Yes, this was the start of a beautiful friendship. Or, you know, something else entirely.

"So, what you're trying to say," Tanker began sceptically, shifting in his chair in the school cafeteria, "is that it was a virus that made me stupid?"

"No," Sydney corrected, patting his shoulder. "The virus made you say 'football' a lot. Your parents made you stupid, with a little help from that tree you fell out of when you were four."

"I thought we'd never discuss the tree again," Tanker glared at her.

"Anyway," Sam began in his 'only two minutes left of the episode/time to wrap everything up' voice, "I think we've all learned an important lesson today."

"Not me!" Tanker announced proudly.

"Or me," Amp added.

"Or me," Yoli agreed from her perch in the bushy-haired youth's lap.

"Me, neither," Sydney agreed sadly.

"And certainly not me," Malcolm added emphatically. "Although, I do have many more clues as to who Servo is. Damn this mystery!"

"I learned how to work the door!" Jennifer announced proudly. "Ow!"

"Uh...kay," Sam said hesitantly. "So, no one learned anything. But at least everything's back to normal."

"Um...not quite," Sydney began to say, but was interrupted by Tanker.

"That reminds me. Sydney, I'm sorry to do this - kinda - but I'm breaking up with you. See, over the course of the last few hours, I have truly found the love of my life. Mandi, Candi, Brandi, I love you guys!"

"We're not guys!" the three chirped together, annoyed. "Duh!"

"Even better! Football!" Tanker proclaimed jubilantly as he sauntered from the cafeteria surrounded by his newly acquired girlfriends.

"Oh, dear. Well, I'll try to get over it. Malcolm? Wanna help me with the long, difficult process of healing?"

"Does this process involve pants flying through the air?" he asked suspiciously.

"Yup!" she chirped.

"O-kay!" he agreed enthusiastically, breaking all sense of character that hadn't already succumbed to brutalisation over the last five chapters as the two scurried from the cafeteria in search of a nice, secluded supply closet...or boiler room.
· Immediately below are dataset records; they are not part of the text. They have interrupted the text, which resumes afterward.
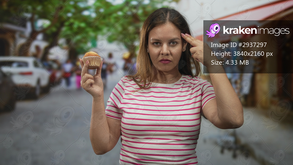 Woman holds cupcake between fingers and finger to temple on a street with shops and parked cars; indecision.
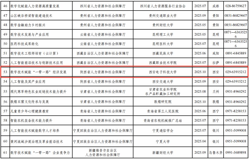 我校积极响应国家号召,紧扣“一带一路”倡议和数字经济发展的时代脉搏,充分发挥学校在数字技术领域的学科优势和教学科研实力。学校先后被人社部批准为国家大数据、区块链、人工智能、智能制造、集成电路数字技术工程师首批培训机构,以及大数据、区块链、集成电路考核站点。在此基础上,学校精心组织并申报了《数字技术赋能“一带一路”经济发展》高级研修班项目,经过陕西省人力资源和社会保障厅的推荐,以及国家人力资源和社会保障部的严格评审,该项目最终成功入选2025年高级研修项目计划。
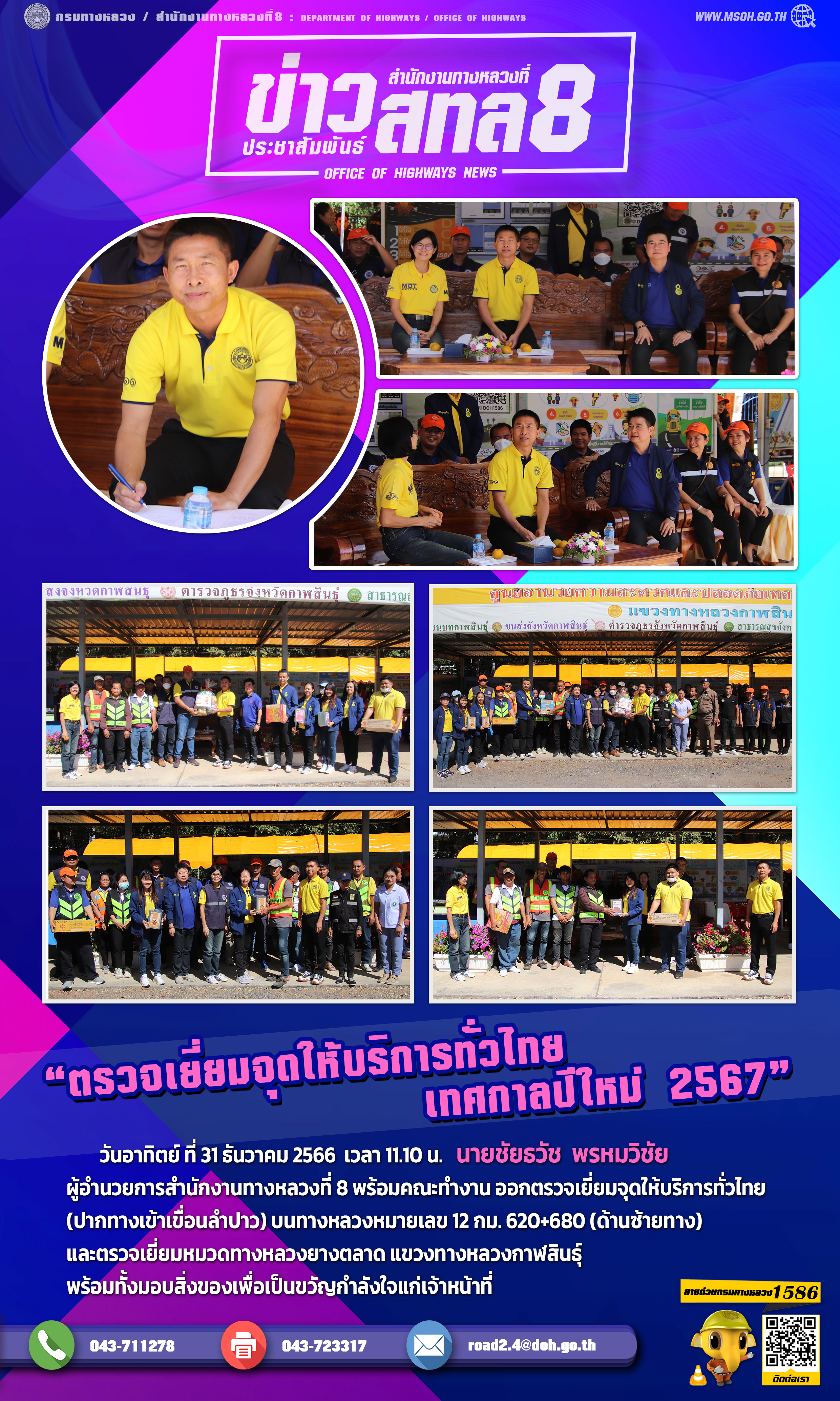 ออกตรวจเยี่ยมจุดให้บริการทั่วไทย (ปากทางเข้าเขื่อนลำปาว) บนทางหลวงหมายเลข 12 กม. 620+680 (ด้านซ้ายทาง) และตรวจเยี่ยมหมวดทางหลวงยางตลาด แขวงทางหลวงกาฬสินธุ์ พร้อมทั้งมอบสิ่งของเพื่อเป็นขวัญกำลังใจแก่เจ้าหน้าที่
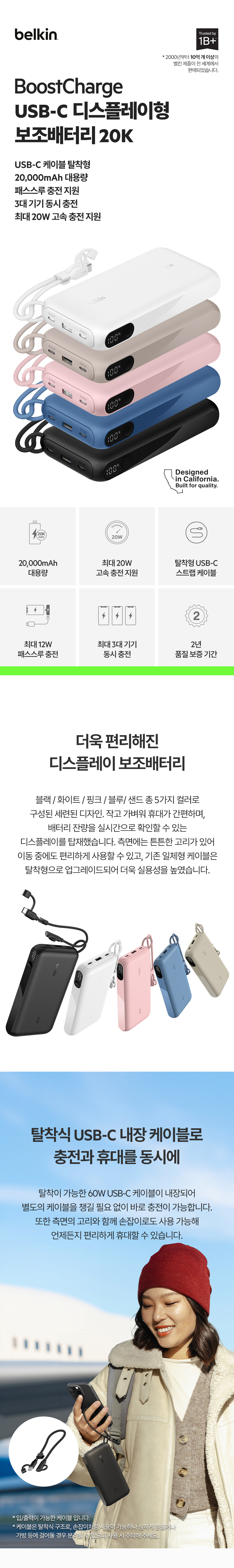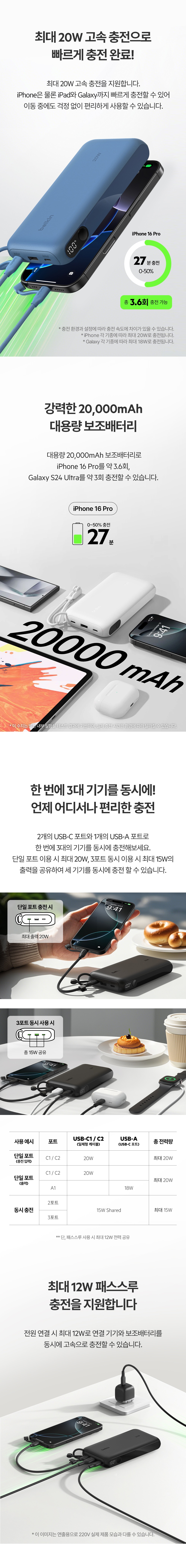 벨킨 20W 20000mAh 디스플레이 고속 충전 보조배터리 BPB028 블랙
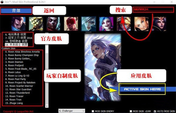 可以更换所有英雄的所有皮肤,包括各种限定皮肤和绝版皮肤!只需简单几步操作即一键更换,软件对英雄进行了详细的分类,也可以直接模糊搜索。
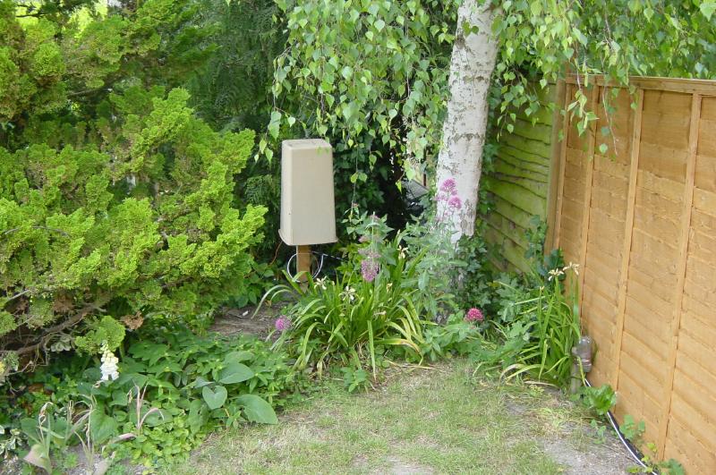 The assembled sheet was then bolted onto a wooden frame and 'weather proofed' by being covered by an upturned plastic kitchen rubbish bin. This keeps the rain off in the summer and (so far) has not proved problemtic due to condensation in the wet British winters.
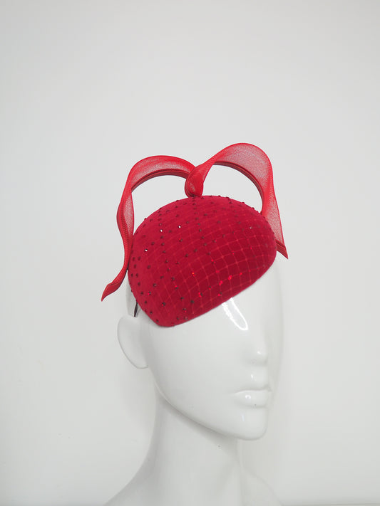 Petite Heart - Petite red velvet face hugger with cross hatch diamanté and veil detail an heart crin swirl

"What the...?" Sam scratched his head. Then he rolled his eyes. "I'm confused. Whatever. Hey, Jennifer, wanna go for ice cream?"

"Sure!" Jennifer chirped, walking into the door once again. "Ow!"

"Wait a minute..." Mrs. Starkey began as all the happy couples (or quartets) sauntered from the cafeteria. "Weren't we doing a play here?"

The End

What they're doing now:

Sam went on to find a guitar. With strings. He has now learned five chords, and is currently the lead singer of Greenday. However, after learning that fifth chord, he has become hopelessly overqualified for the position, so they are thinking of sacking him.

Jennifer went on to walk into a wall. Several times. She is reported as having said, "Ow!"

Yoli and Amp were married. They now lead a full and happy life together in the Crab Nebula, a quirky little bar and grill in New York City. As owners and part-time managers, they live above the establishment in a lovely little en suite.

Tanker plays football.

Mandi, Candi, and Brandi went on to marry Tanker, once he had converted to Mormonism. They are now his personal cheering squad, on and off the football field. Go, Tanker, go, indeed.

Sydney and Malcolm went on to be married. Malcolm never did find out who Servo was, even after Kilokhan was destroyed in a freak accident, saying as he died, "It's Sam Collins, you idiot!" To this day, those last words of his former partner haunt Malcolm, remaining a mystery that may never be fully solved. Sydney is now a lead programmer for Microsoft. Clearly, Malcolm's evil has got to her. In more ways than one, mrowr. Despite one being haunted to this day by an unfathomable mystery and the other being an agent of the devil, they are very happy.

Bob and Julie went on to be married, as well. Unfortunately, Bob developed diabetes as a result of all those chocolate milkshakes, but was able to cure it, and has since discovered the cure for every known type of cancer, as well as Ebola, and the common cold. He is now the President of the United States. Everybody loves Bob!